Microdomain Localization And Trafficking Of BACE1
Co-Principal InvestigatorsAngèle Parent, PhD The University of Chicago
This proposal investigates BACE1, one of the enzymes critical for the production of Alzheimer's disease amyloid beta production. We are interested in deciphering the molecular principles of BACE1 trafficking in lipid rafts and non-raft domains using biochemical and live cell imaging approaches in order to elucidate the cell biology of BACE1 processing of amyloid precursor protein (APP). Our studies will uncover novel and significant basic insights into cellular processes that modulate amyloid beta production, thus contributing to the development of strategies aimed at reducing amyloid beta burden.

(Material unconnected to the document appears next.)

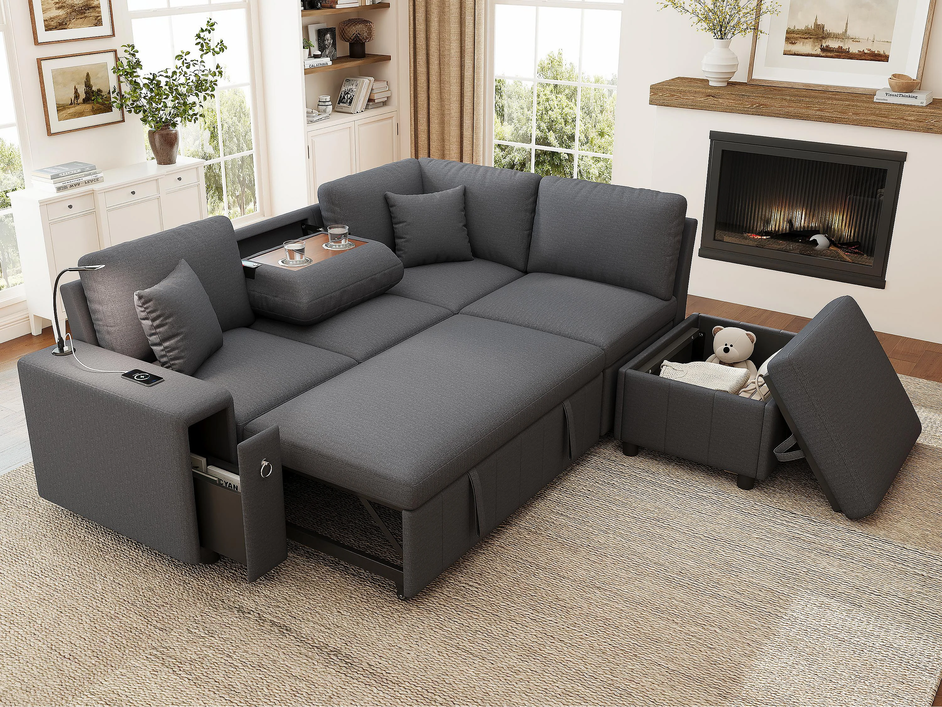 Canapé d'angle en L - 5 places - avec pouf de rangement - avec table basse pliante - avec ports USB et Type-C - avec liseuse - avec 2 coussins - gris

Alzheimer's disease (AD) is the major cause of dementia in the elderly. Toxic amyloid beta peptides accumulate in the brains of individuals with AD. Production and accumulation of amyloid beta are central events in AD pathogenesis.
Hypothesis and Specific Aims
Our proposal seeks to investigate the regulation of amyloid beta production. Sequential cell division of amyloid precursor protein (APP) by BACE1 and gamma secretase generates amyloid beta peptides. Our investigation focuses on BACE1. We seek to investigate membrane localization and movement of BACE1 in cultured cells and hippocampal neurons. Our first aim is to characterize BACE1 association with specialized cholesterol-rich microdomains of cellular membranes, called lipid rafts, which play important roles in amyloid beta production. Our second aim is to explore the dynamics of BACE1 movement through the cells using live cell imaging strategies.
A better understanding of localization and dynamics of BACE1 movement in cells will shed more light on the mechanisms involved in amyloid beta production. Information stemming from our biochemical, molecular and cellular investigations will contribute to the development of novel and rational strategies for therapeutic intervention for AD aimed at reducing amyloid beta burden.